MUHALAFETİN YAPTIĞI EN GÜZEL ŞEY ALGI SİYASETİ
- Bugün itibari ile İstanbul Sözleşmesinin o günkü varlık sebebi ile bugünkü nokta arasından fersah fersah fark var. Başta anayasa olmak üzere, meclisten geçen yasalar olmak üzere İstanbul Sözleşmesine dair kadın haklarına yönelik ne varsa yasal düzenlemelerle zaten yerine getirilmiş durumda. Muhalefetin maalesef en güzel yaptığı şey algı siyaseti.
Benim kadına yönelik eksik kalan bir noktada benim sessiz kalmam mümkün mü? Algı üzerinden değil gerçekleri bildiğim için yasalar bazında hiçbir boşluk kalmadığını bildiğim için burada bir tereddüttüm yok. Yasaların uygulanması ve zihniyet konusunda yapılacaklar vardır. Sözleşme olmazsa bütün kadınlar ölecekmiş, kötü olacakmış gibi yaratılmaya çalışan algı doğru değil.
- Benim bu yıl meslekte 30’uncu yılım. Ankara’da TRT’de çalışmaya başladım ve 1994 yılı itibari ile SABAH grubuna geçtim. Türkiye’nin en genç kadın Ankara temsilcisiyim. 24 yaşında en genç siyaset yazan kişi olarak köşe yazarlığı yaptım. O zamandan bu zamana çok şey değişti. Türkiye dönüştü, değişti. Muhabir olarak girdiğim Yeni Asır’dan, genel yayın yönetmenliği dahil bütün görevlerde bulundum
- Karar verici noktasında kadınların daha fazla temsili ile ilgili sayın cumhurbaşkanımızın yaptıkları yapacaklarının öncesidir. 2002’den bu yana mecliste kadınların en fazla yer aldığı parti AK Parti’dir. Bu istisnasız. İddia ediyorum 14 Mayıs seçimleri sonrasında da oluşacak parlementoda en fazla kadın milletvekilini yine AK Parti’de göreceğiz. Seçilecek yerlerden aday gösterilen kadın milletvekili adaylarına baktığımızda bunu tekrar göreceğiz. Yeterli mi asla değil. Kadınlar hiçbir şeyden çekinmez. Siyaset dili itibari ile biraz eril bir alan.

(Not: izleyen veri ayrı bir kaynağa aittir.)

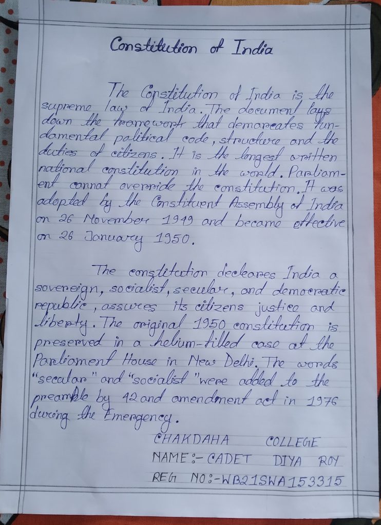 Rank- Cadet Name-Priyanka saha Regimental No- WB21SWA103359

AİLEMLE BULUŞMUŞ GİBİ HİSSEDİYORUM
- Rahmetli Demirel’in sevdiğim sözü vardır, “Barışmayı bilmiyorsan, küsmeyeceksin” diye, benim kişisel kimseyle çatışmam olmadı. Taze bir siyasetçi olarak kişisel kırgınlığım, küslüğüm olmaz. Görev aldığınız zaman üzüm yemenin peşindeyim, bağcıyı dövmekle derdim yok. Bazen mesleki anlamda haberi getirirken olur bazen de yöneticiysen verim almakla olur. Siyasette de ben açıkçası bir şey yapmak istiyorum. Bana güvenilmiş ve böyle bir fırsat verilmiş ve benim bu güveni boşa çıkarmamam lazım. Kimse kimsenin güzel kaşına, gözüne değil inandığı için bir görev verir. Bana da böyle bir yol açıldı. Ben İzmir’den evimden, böyle bir siyasete başlamış olduğumdan dolayı çok şanslı ve mutlu hissediyorum. Ailemle buluşmuş gibi hissediyorum
- Bu yolculukta en fazla sizlere güveniyorum. Bana ne siyaset yapacaksın dediklerinde ben o, şu, bu siyaseti yapmayacağım diyorum. Gazetecilikteki çizgim ne ise burada da o çizgimi koruyacağım. Devlet, vatan, millet konusunda siyaset yapacağım. Daha çok kadınlarla, gençlerle birlikte olmak istiyorum. Bugün burada bir Şebnem Bursalı varsa sizlerle beraber basın alanında da sorunların çözümü noktasında güzel şeyleri birlikte yapmak istiyorum.